I want to congratulate the Prime Minister and the Secretary of State on uniting the Labour party after a summer of vigorous debate. They think that this is purely about the funding of our party, but it is not; it is about values and belief in democracy, equality, collectivism and social justice. Those are the values of the real party of the workers, and that is why I oppose this Bill.
I, too, would like to declare that I am a proud trade unionist and a member of Unite.
To be perfectly honest, I am very disappointed that we have to have this debate. As others have noted, the ability to form a union and carry out industrial action are basic rights in a democratic society. I am very concerned that the Government have introduced a Bill that seeks to undermine such fundamental rights.

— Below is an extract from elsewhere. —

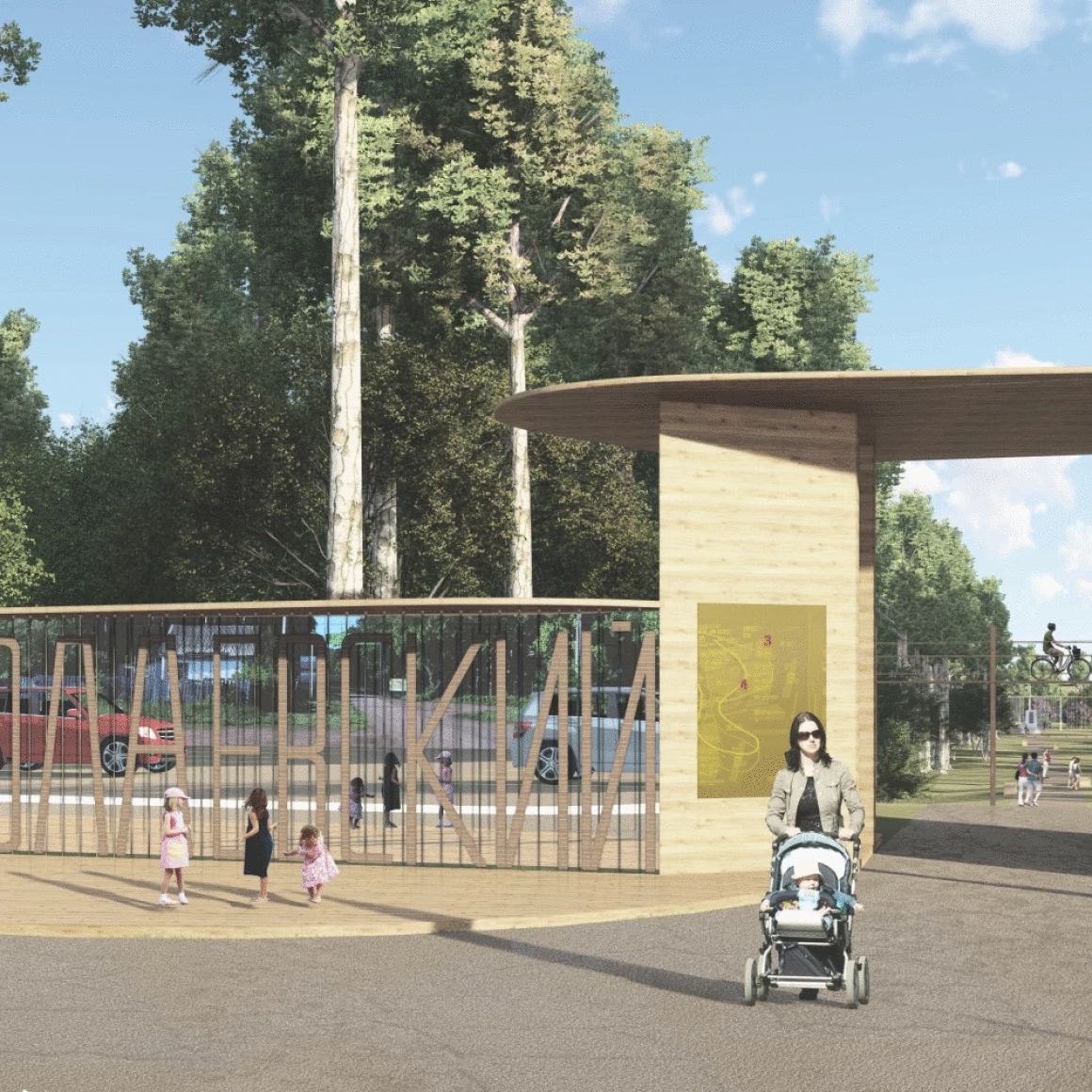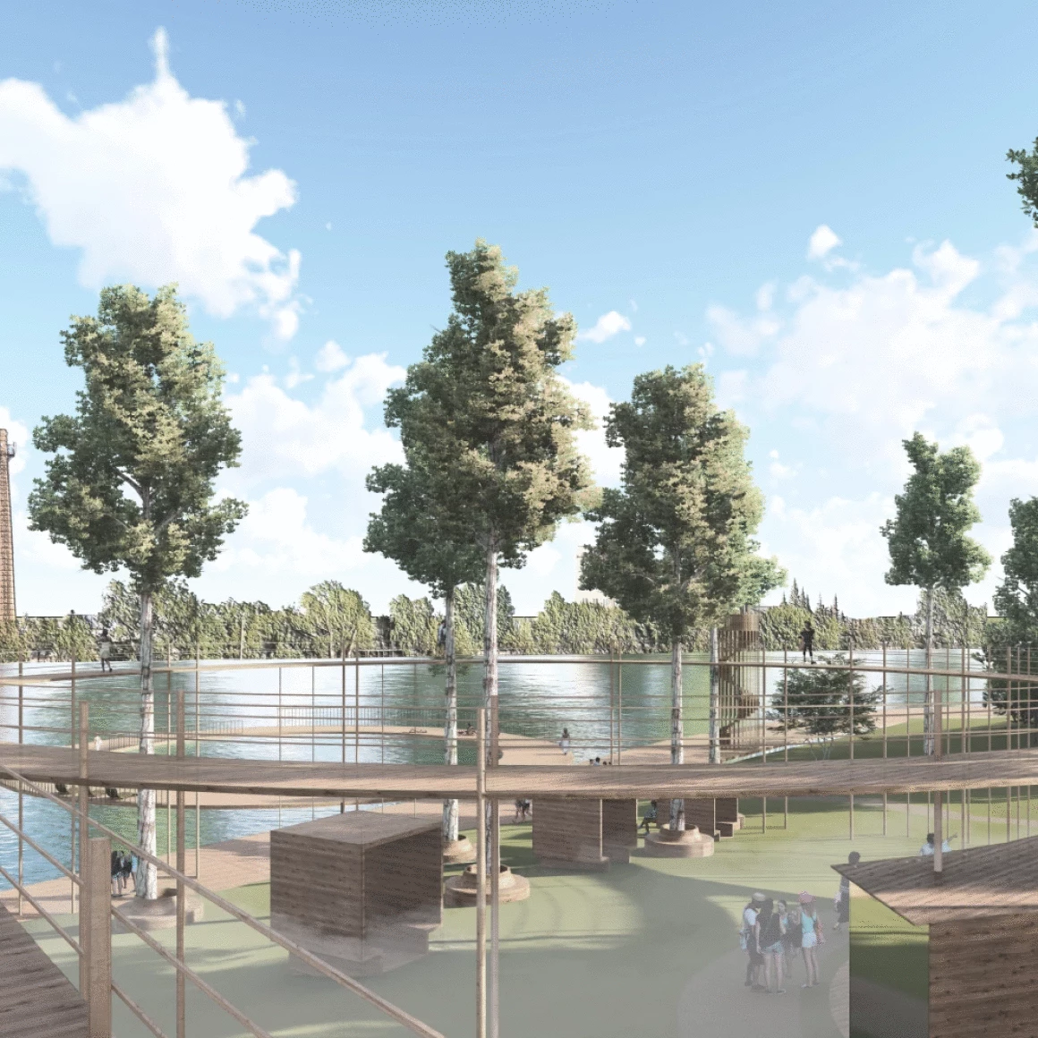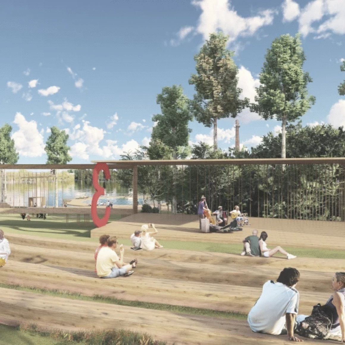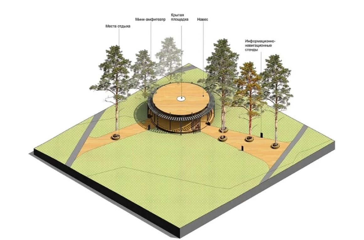 Событийная зона для массовых мероприятий состоит из амфитеатра на 200 посадочных мест, открытой площадки для проведения активных действий и крытой сцены с видовым окном, откуда открывается прекрасный вид на пруд и противоположный берег. Амфитеатр является местом притяжения, объединяющий людей любого возраста, именно здесь будут проходить шумные мероприятия и спокойные музыкальные вечера.

As a trade unionist, I know that, if passed, this Bill will make it much more difficult for workers to raise concerns over safety, working conditions and pay. I am particularly concerned about the impact it will have on women in the workplace. We already know that women are systematically discriminated against in the labour market. Women already comprise the majority of those on the minimum wage and are more likely to be in insecure and low-paid jobs such as catering, cleaning and clerical work. Women are, on average, paid less than men and are more likely to be in in-work poverty.

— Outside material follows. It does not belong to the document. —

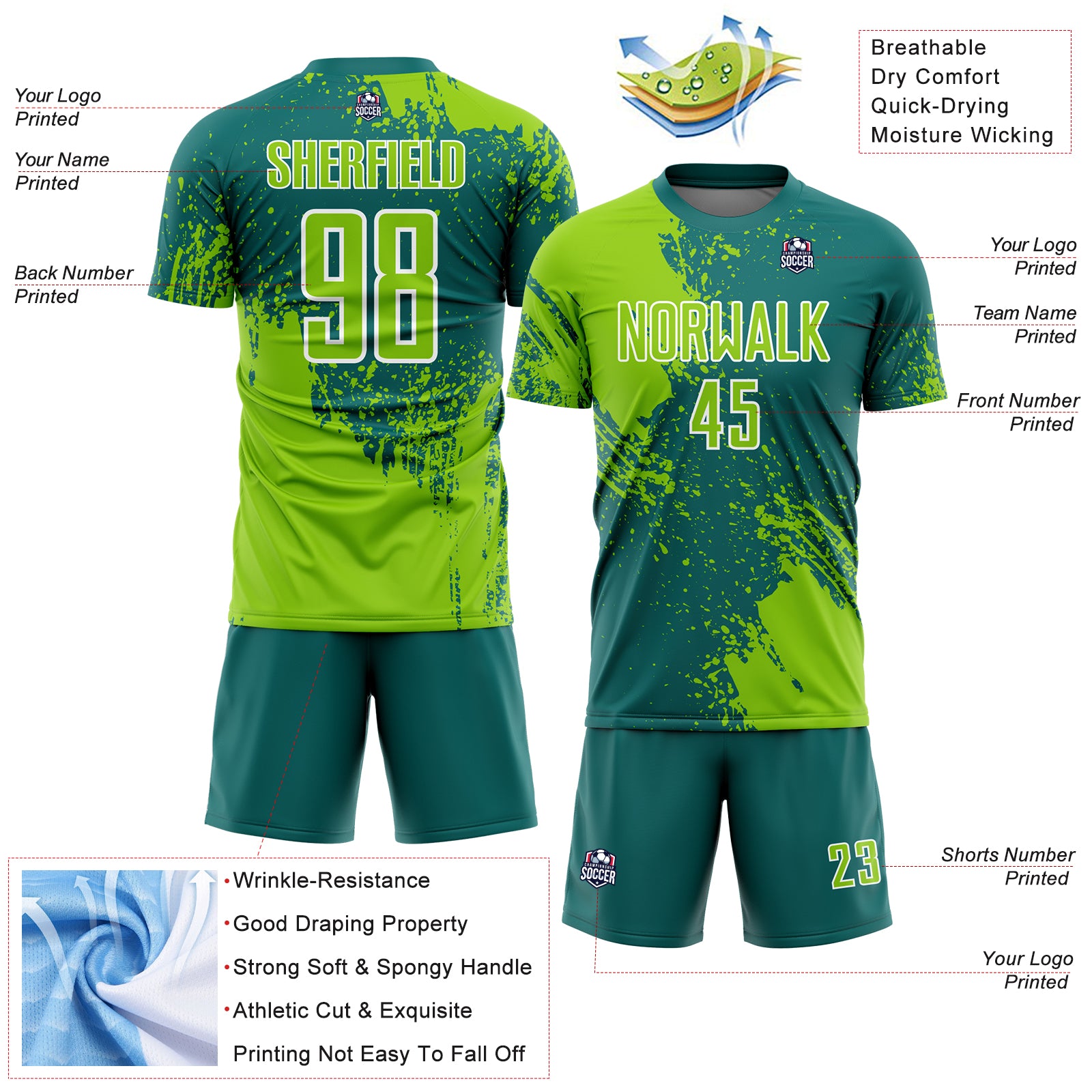 Custom Teal Neon Green-White Abstract Brush Stroke Sports Sublimation Soccer Uniform Jersey

It is also important to remember that women have borne a higher share of the burden of this Government’s austerity policies than men. Women have already suffered more from welfare cuts and pay freezes, and I am concerned that this Bill will make those inequalities much worse. The Government seem to be in denial about that. The Bill’s impact assessment totally fails to account for the disproportionate effect the Bill will have on women workers. The reality is that trade unions are one of the best tools in the struggle for gender equality, and attacks on union rights will damage the struggle for equality in the workplace.

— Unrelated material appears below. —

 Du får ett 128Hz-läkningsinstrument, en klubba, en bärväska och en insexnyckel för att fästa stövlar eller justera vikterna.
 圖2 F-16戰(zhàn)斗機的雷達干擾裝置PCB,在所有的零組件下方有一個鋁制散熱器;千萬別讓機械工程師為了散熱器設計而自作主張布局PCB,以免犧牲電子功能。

Indeed, Government statistics on trade union membership have found that women workers who are in a trade union have a pay premium of 30%. That is no surprise when one remembers that the very purpose of much industrial action is to achieve gender equality in the workplace. If the Government restrict the rights of workers to organise, that will clearly have a negative effect on the struggle for pay equality.
Unionised workplaces are also more likely to have good policies on flexible working and maternity pay, as well as better support for those returning to work after pregnancy. By making it harder for workers to organise at work, this Bill will have a negative impact on all those areas, leading to further discrimination against women in work.
The Bill’s new strike ballot threshold will also affect women more than men.
On the increased threshold, I am sure my hon. Friend is as concerned as I am that it is not being made easier for workers to cast their votes through electronic balloting. Why does she think the Government will not agree to it?
I totally agree with my hon. Friend.
The Bill’s higher ballot threshold for essential services will disproportionately affect women, as they are much more likely to be employed in those sectors. Research by the TUC suggests that nearly three quarters—73%—of the trade union members working in important public services are women. Do the Government not understand that reducing the rights of those women at work will only increase the gender pay gap and worsen discrimination in the workplace?
This is a regressive Bill that threatens to undermine basic civil rights and reverse progress in achieving workplace equality. I urge Members on both sides of the House who do not want to see that progress reversed to vote against the Bill.